**Prompt:**
From the first line to the last, retype the records exactly without their images.

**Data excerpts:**
********************

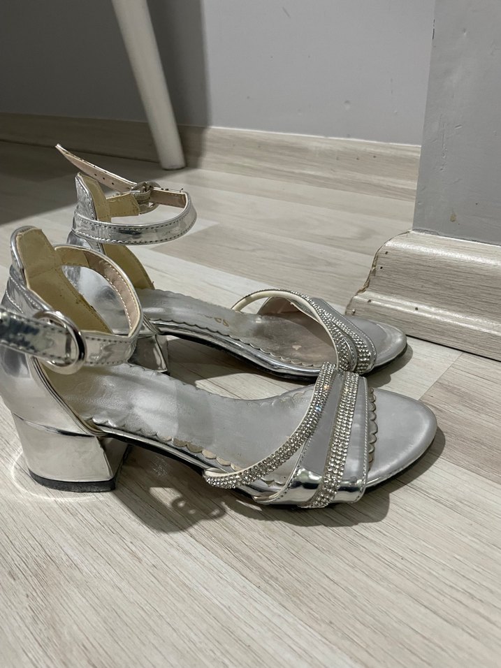 Gri Tokalı Topuklu çocuk Ayakkabı
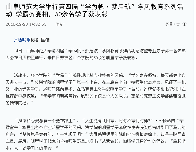 齐鲁晚报:D体育在线登录官网举行第四届“学为帆·梦启航”学风教育系列活动 学霸齐亮相,50余名学子获表彰
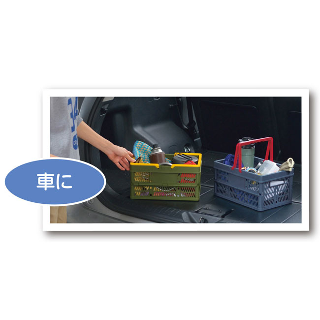 「ハンドル付き折りたたみコンテナボックス」は、ハンドル付きなので持ち運び楽々。アウトドアにはもちろん、車内やリビング、お部屋の収納にも活躍するアイテムです。側面は内側に折り畳み可能なので、未使用時はすっきりコンパクトに収納しておくことができます。おしゃれなカラーリングも魅力ですので、アウトドアショップのポイントノベルティやカーディーラーのご予約特典などにぜひご活用ください。通販ならではの格安価格でご注文頂けます。
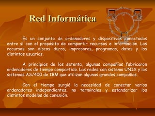 Este documento describe los diferentes tipos de redes informáticas. Explica que una red informática conecta ordenadores y dispositivos para compartir recursos e información. Luego describe los componentes básicos de una red como emisores, receptores e interfaces. Finalmente, clasifica las redes por su alcance, propiedad, método de conexión y relación funcional.
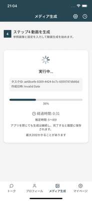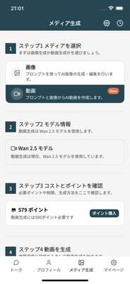 アプリ内のメディア生成画面に表示される「動画生成」ボタンからご利用ください。
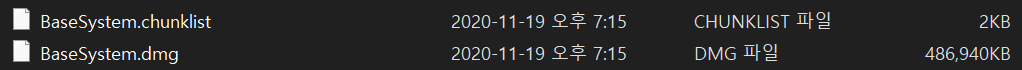 그럼 아래와 같이 BaseSystem 파일이 2개 생깁니다.
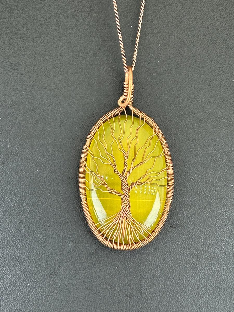 Necklace Yellow Cat Eye 925 Sterling Silver Plated Handmade Gemstone

********************

**Response:**
 Gri Tokalı Topuklu çocuk Ayakkabı
 齐鲁晚报:D体育在线登录官网举行第四届“学为帆·梦启航”学风教育系列活动 学霸齐亮相,50余名学子获表彰
 「ハンドル付き折りたたみコンテナボックス」は、ハンドル付きなので持ち運び楽々。アウトドアにはもちろん、車内やリビング、お部屋の収納にも活躍するアイテムです。側面は内側に折り畳み可能なので、未使用時はすっきりコンパクトに収納しておくことができます。おしゃれなカラーリングも魅力ですので、アウトドアショップのポイントノベルティやカーディーラーのご予約特典などにぜひご活用ください。通販ならではの格安価格でご注文頂けます。
 Este documento describe los diferentes tipos de redes informáticas. Explica que una red informática conecta ordenadores y dispositivos para compartir recursos e información. Luego describe los componentes básicos de una red como emisores, receptores e interfaces. Finalmente, clasifica las redes por su alcance, propiedad, método de conexión y relación funcional.
 アプリ内のメディア生成画面に表示される「動画生成」ボタンからご利用ください。
 그럼 아래와 같이 BaseSystem 파일이 2개 생깁니다.
 Necklace Yellow Cat Eye 925 Sterling Silver Plated Handmade Gemstone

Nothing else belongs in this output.